Clustering High Dimension Low Sample-Size Data with Fuzzy Cluster-Based Principal Component Analysis
Mika Sato-Ilic
Faculty of Systems and Information Engineering, University of Tsukuba, Tsukuba, Ibaraki, Japan

The aim of principal component analysis (PCA) is to summarize the latent similarity structure of data observed in high dimensional space by projecting the data into a smaller dimensional space.

However, classical PCA has the following problem. Since the classical PCA is based on orthogonal projection, the metric projection defined in convex space, which is the data space, is non-expansive. Therefore, a norm between two projected objects in a smaller dimensional space is inevitably smaller than the norm between the corresponding pre-projected two objects in a high dimensional space. The root cause of this problem is that PCA only focuses on minimizing the sum of square of distances from objects in a high dimensional space to a hyper plane in a lower dimensional space, and does not consider similarities among objects in a high dimensional space.

In order to solve this problem, we extract the similarity structure of objects in a high dimensional space by using a fuzzy clustering method and by tacking the result to the PCA, and we propose a new PCA considering the similarity structure of objects in a high dimensional space. When the projected space is obtained using a covariance matrix, we use a weighted covariance matrix which involves the contribution degree for the fuzzy classification structure of objects, based on dissimilarity of objects in the higher dimensional space.

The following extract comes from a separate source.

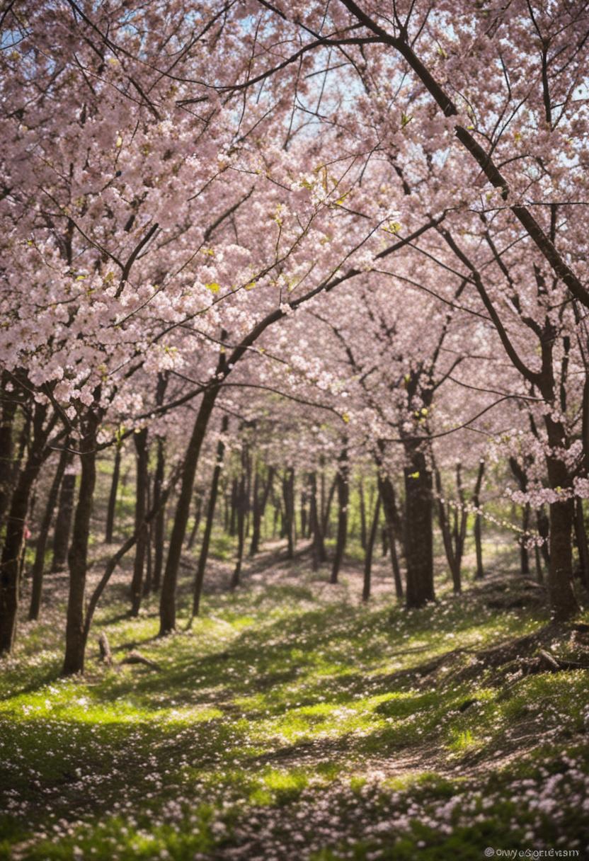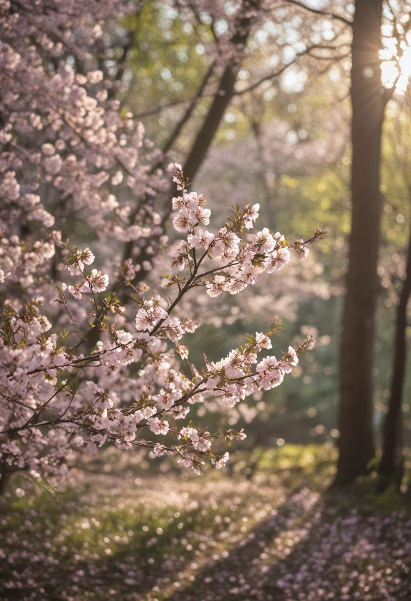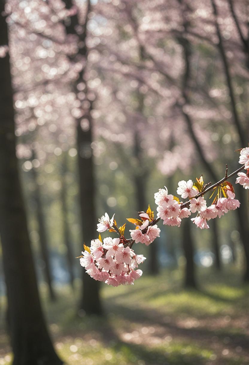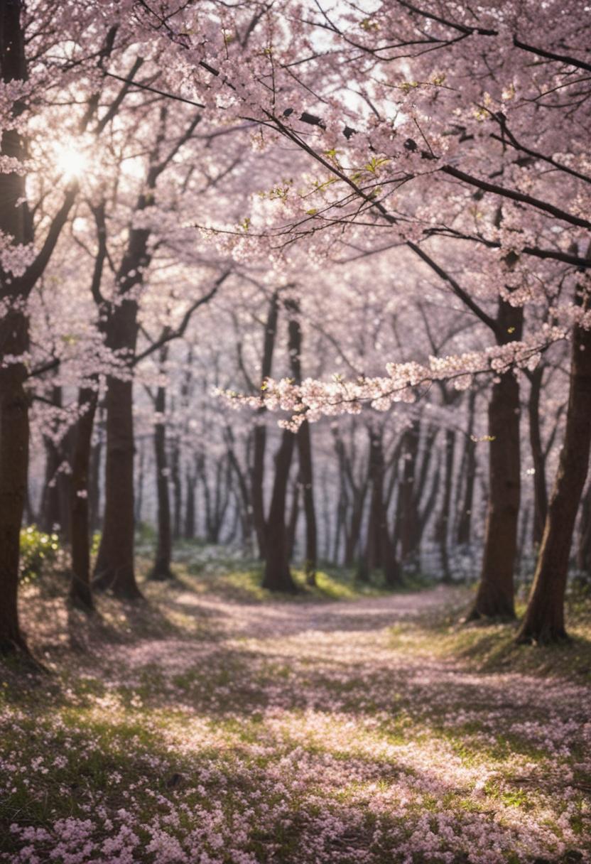 30. A dreamy wide-angle shot of a dappled forest bathed in soft cherry blossom light, creating a serene and ethereal cherry blossom aesthetic.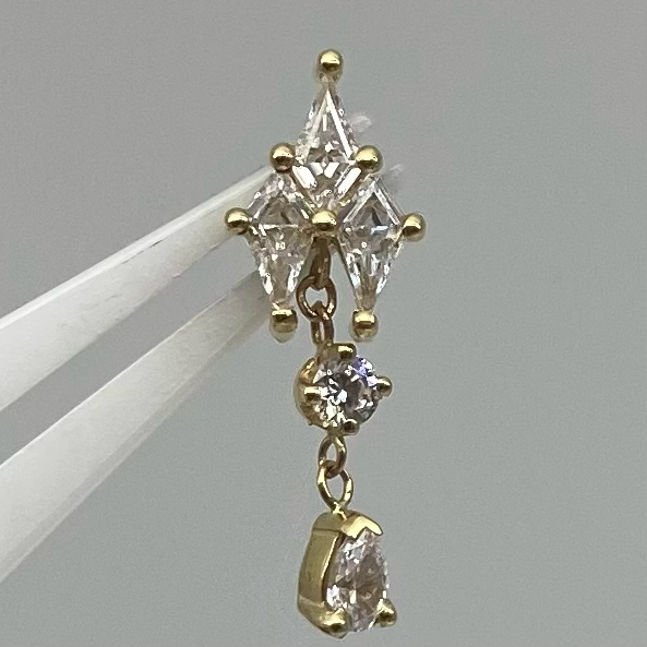 This stunning piece features a cluster of kite cut gemstones accented with a brilliant and pear shaped gemstone dangle, this piece is truly show stopping. It would be a perfect feature for a flat, faux rook or earlobe piercing.

Our target data in this study is high dimension low sample-size data. In order to obtain an adaptable classification structure for this type of data, we exploit a method to detect subgroups of objects that cluster on subsets of variables. The merit of this method is to select the significant variables by simultaneously considering two structures which include a structure of the degree of classification and a structure of objects. Since our goal is to extract the classification structure of the data, the involvement of the factor of classification structure at each variable is crucial.

References:

J.H. Friedman and J.J. Meulman, Clustering Objects on Subsets of Attributes, Journal of the Royal Statistical Society, Series B, vol. 66, pp. 815-849, 2004.

M. Sato-Ilic, A Cluster-Target Similarity Based Principal Component Analysis for Interval-Valued Data, 19th International Conference on Computational Statistics, Physica-Verlag, pp. 1605-1612, 2010.

Keywords: Principal Component Analysis; Fuzzy Clustering; Variable Selection; High Dimension Low Sample-Size Data

Biography: I received my Doctorate of Engineering from Hokkaido University, specializing in data mining including fuzzy data analysis. I currently hold the position of Associate Professor in the Faculty of Systems and Information Engineering, at the University of Tsukuba.

I am a Council of the International Association for Statistical Computing, and a Director of the Japan Statistical Society. I am a Senior Member of the IEEE and a vice chair of the IEEE Computational Intelligence Society Fuzzy Systems Technical Committee. In addition, I have held several other positions in the IEEE including, vice program chair, special sessions co-chair, and publicity chair for several international conferences. Presently, I am the editor-in-chief of the International Journal of Knowledge Engineering and Soft Data Paradigms. My research interests include the development of methods for multi-dimensional data analysis, pattern classification, and data mining based on soft computing for which I have received several academic awards.